Former Market Basket president Arthur T. Demoulas offered to return the crippled chain to normal operations Sunday night by resuming control of the business while he continues to negotiate to buy the company from rival family members.
The move came just hours before a deadline the company had set for employees loyal to Demoulas to return to work or risk being fired and replaced. It was not immediately clear whether the offer was part of a strategy to help spare those workers.
In a brief and oblique statement, the ousted head of the family grocery empire said that he has offered to “move immediately to return to work” and rehire top managers who had been fired for organizing the remarkable protest on his behalf.
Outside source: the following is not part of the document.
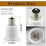 - package content 3x E17-E26 Socket Extender Specifications: Installation: Easy to screw in.Twisting the adapter into your E17 base fixture,then you are free to use e26 screw-in bulb. Dimension:Dia39.3mm X H59mm / Dia 1.55"X H 2.32" Material:PBT Temperature Resistance Plastic

He said his goal is to “stabilize and begin to restore the business.”
The move offered a glipse into intense negotiations between Demoulas and his cousin and main rival, Arthur S. Demoulas, as the former president attempts to buy out the half of the multibillion-dollar chain that is held by Arthur S. and his family. The timing of the offer seemed designed to ratchet up pressure on rival shareholders to take action by offering himself as an immediate solution to the company’s rapidly crumbling fortunes.
Arthur T.’s statement made clear that the negotiations are not just focused on financial terms, but also on what role he would play and the timing of his return.
In its own statement Sunday night, the board dismissed Arthur T.’s offer to immediately return to the company, and reaffirmed its support for the current co-chief executives, Felicia Thornton and James Gooch, who it named to replace Arthur T.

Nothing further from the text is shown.